→ Work task: Reproduce each line of the material exactly, minus any picture.

→ Recorded information:
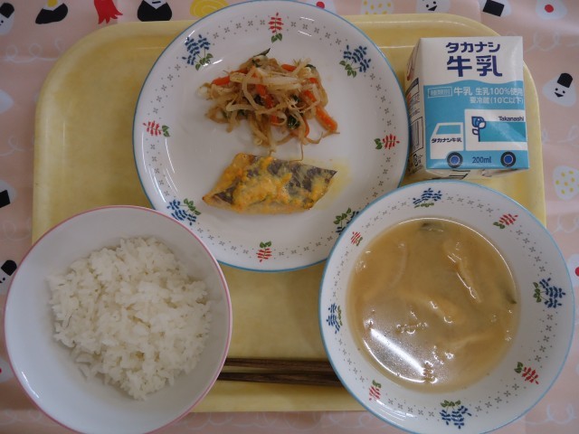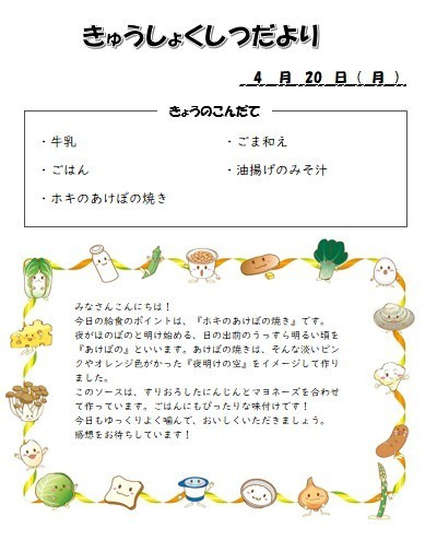 2026年4月20日の給食 公開日 2026/04/20 更新日 2026/04/20 給食室より ※写真は1年生の盛り付け量になります~今日の献立~牛乳ごはんホキのあけぼの焼きごま和え油揚げのみそ汁 給食室より
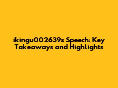 Ikingu002639's Speech: Key Takeaways And Highlights
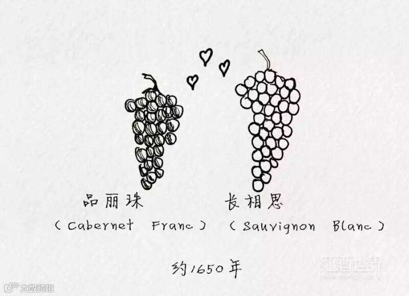 号称波尔多之王的赤霞珠(Cabernet Sauvignon)诞生,它是由品丽珠(Cabernet Franc)和长相思(Sauvignon Blanc)自然杂交而成。

→ Answer:
 2026年4月20日の給食 公開日 2026/04/20 更新日 2026/04/20 給食室より ※写真は1年生の盛り付け量になります~今日の献立~牛乳ごはんホキのあけぼの焼きごま和え油揚げのみそ汁 給食室より
 Ikingu002639's Speech: Key Takeaways And Highlights
 号称波尔多之王的赤霞珠(Cabernet Sauvignon)诞生,它是由品丽珠(Cabernet Franc)和长相思(Sauvignon Blanc)自然杂交而成。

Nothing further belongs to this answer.